Comparison of PACS and Bone Ninja mobile application for assessment of lower extremity limb length discrepancy and alignment
Purpose There are over 500 medically related applications (apps) for mobile devices. Very few of these applications undergo testing and peer-review for accuracy. The purpose of this study is to assess the accuracy of limb deformity measurements on the Bone Ninja app compared to PACS and to determine the intra- and inter-observer variability among different orthopaedic practitioners. Methods Four participants (attending, senior and junior resident, and physician assistant) measured the leg length (LL), the lateral distal femoral angle (LDFA), and the medial proximal tibial angle (MPTA) of 48 limbs (24 patients), twice with both Bone Ninja and PACS. The difference between the measurements obtained with the Bone Ninja app and PACS were measured. We determined the consistency of the intra-observer intra-class correlation coefficient (ICC) for both systems. Results There were no statistical differences in leg length discrepancy (LLD), MPTA, or LDFA measurements between Bone Ninja and PACS (p = 0.96, 0.87, and 0.97, respectively). The intra-observer ICC for the LL, LDFA, and MPTA was similar between Bone Ninja and PACS (0.83, 0.89, and 0.96 vs. 0.96, 0.93, and 0.95, respectively). The inter-observer ICC was similar between Bone Ninja and PACS (0.95, 0.96, and 0.99 vs. 0.99, 0.98, and 0.98, respectively).
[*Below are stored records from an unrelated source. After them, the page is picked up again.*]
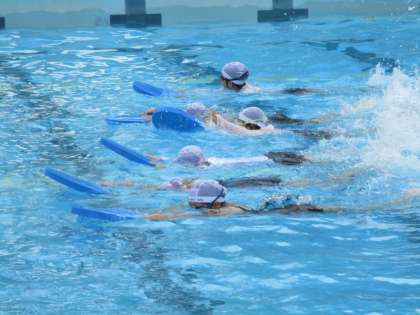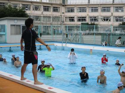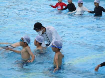 4年生体育・水泳学習の様子です。個別に声をかける時は、先生たちも水泳用のマスクを付けます。今年のプールでは、先生の声しか聞こえない!という約束を子どもたちは一生懸命守っています。
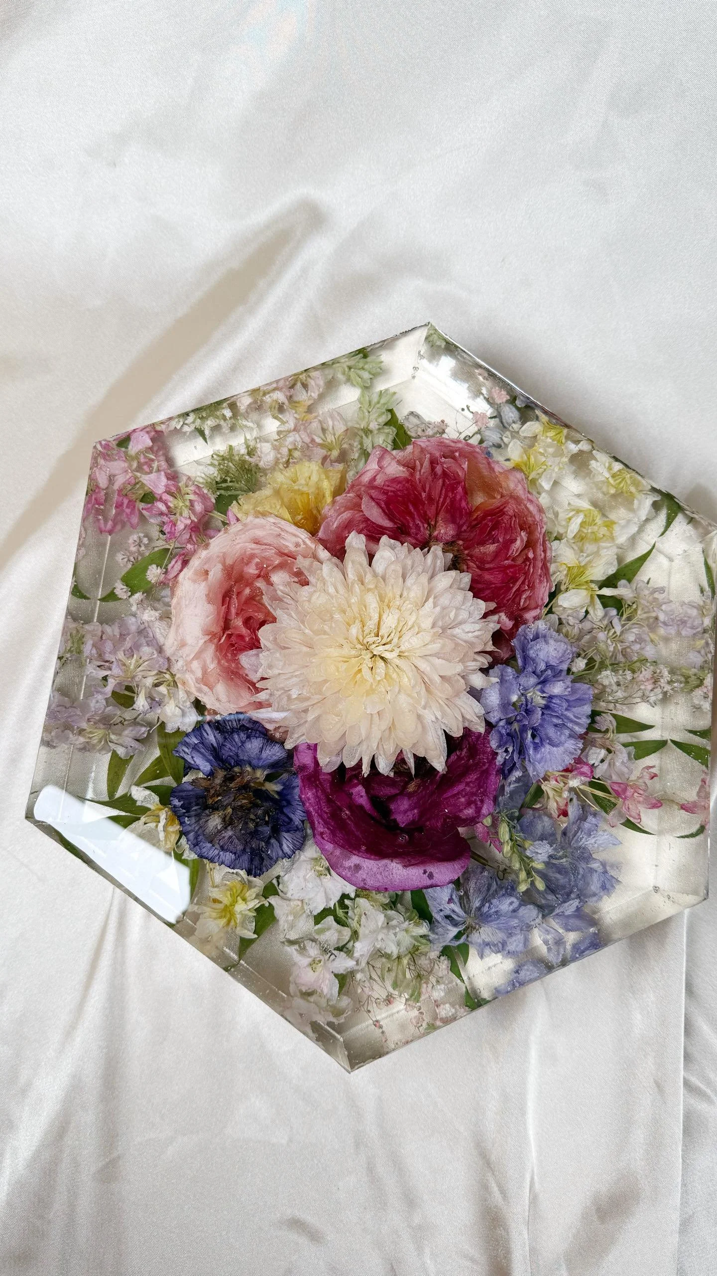 Transform your flowers into custom, resin-bound keepsakes. Perfect for creating lasting home decor pieces like bookends, trays, or blocks.
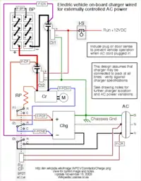 Lightweight chargers for charging battery banks below the line voltage are not isolated from the AC source since they have no transformers - they apply AC neutral to one side of the pack through a bridge rectifier and AC ground to the chassis. Any conduction between the pack and the chassis will create a potential shock hazard that is detected by the ground fault detector on the AC side of the charger, which then triggers and stops the charge. It is not possible to properly use such a charger unless the pack is properly isolated. Since an aging DC motor can have small current leakage due to the accumulation of conductive dust from brush wear it is best if the pack is isolated from the controller and motor during charging - this is one of the reasons for using both dual contactors and switchable pre-charge resistors as shown in the diagram at left. If such a well isolated pack causes a ground fault when a charge is attempted the likely cause is some battery leakage or spilling of electrolyte causing a conductive path to the chassies, which (if the case is not perforated) may be corrected by cleaning the battery with a solution of sodium bicarbonate (for acid type batteries), or weak acetic acid (for base type batteries), followed by a water rinse and drying.
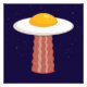 Vetor cartoon ilustra um delicioso e ensolarado OVNI fritado de ovo com um raio trator de fatia bacon delicioso. Palavras-chave: ovo, bacon, café da manhã, OVNI, alienígena, ensolarado, lado, desenho animado, espaço, extraterrestre, comida, fofo, gema, ficção científica, ficção, marciano, humor, carne, porco, rapto
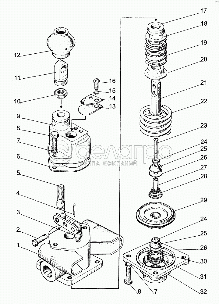 Каталог запасных частей к технике: МТЗ БЕЛАРУС 320. Кран тормозной;Brake Valve
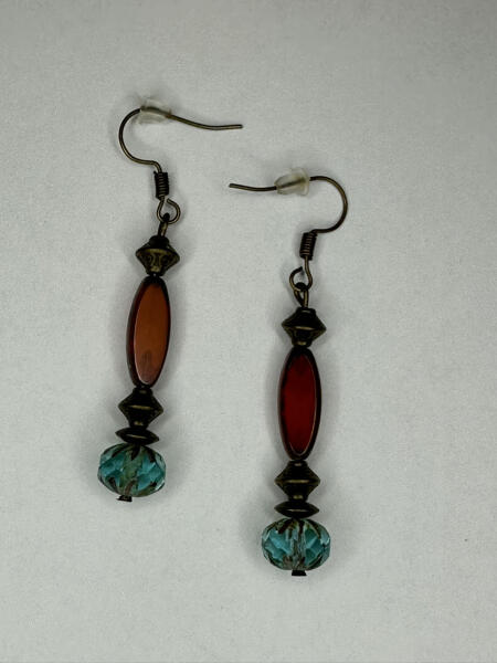 A mély bordó és áttetsző türkiz gyöngyök játékosan kontrasztosak – a bronzos kiegészítők pedig meleg, vintage hangulatot adnak a darabnak.
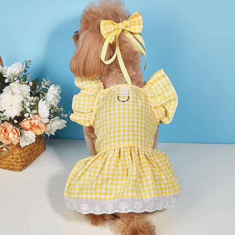 ペット用ワンピース 女の子 フリル袖 ドレス 綿 コットン テディ ビション チワワ 小型犬 猫用 春夏 チェック柄 花柄 お散歩 お出かけ 普段使い 軽量 快適 通気性
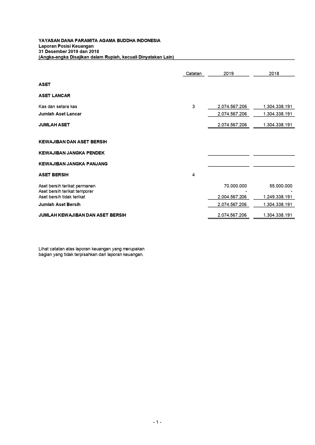 Laporan audit - LAPORAN AUDIT YAYASAN DANA PARAMITA AGAMA BUDDHA INDONESIA TAHUN 2019

Conclusions This study demonstrates that Bone Ninja is an accurate educational tool for measuring LLD, LDFA, and MPTA. Both systems are reliable instruments for evaluating limb length differences and angles on standing radiographs for pre-operative deformity planning and education. This is the first study to evaluate the accuracy of Bone Ninja compared to the gold standard of PACS.